Jacko began frowning.

—But the old woman tells me, he murmured, that stockmen won't be able to go in there to get them out.

Fitzie, mincing his omelette with his fork, said quietly, They'll be able to drive them out aerially it they want.

Helen said, Or wait for them to come out. Jesus, they've got cattle on Burren Waters they don't even know about.

Jacko made a mouth. It was obvious he had little time for his sister. The way he asked his loaded questions in a false-naive voice made the conversation spiky.

He put down his plate and said, Well look, you know this will upset Chloe. Why don't you talk them into picking some other spot? Eh Fitzie? Why don't you do this legal work and give evidence for another tribe?

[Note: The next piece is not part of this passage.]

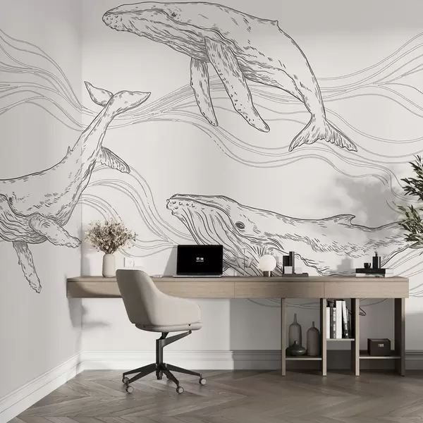 Graceful whales swimming through waves - Wall mural (No. u99733)

Fitzie said, I know it's delicate as regards family and all, but the Wodjiri are my field of expertise. This is a massively important site, Jacko. It literally means the earth to these people. It'll have no commercial impact on Chloe and Stammer Jack at all. I just wish they'd yield a bit on it, that's all. It's possible to arrange these things by consensus, you know. There's no need at all for a hearing.

Jacko turned to Helen and said, You still want to get even with her, Helen.

Helen made a clicking noise with her lips and put down her plate of omelette.

—Well, said Jacko, I reckon you ought to pick on some other bloody cattle baron, rather than old Jack. Chloe thinks her kids are poison, and this'll tend to prove her point.

Helen went through a looking-away-and-gathering-of-one's-feelings process. Then, still staring out at Coghlan's she said, This will be good for them, Jacko. This'll expand their view of the question, and Christ knows they need it. I'm not doing this out of spite. It's a case that has to be won. For everyone's sake.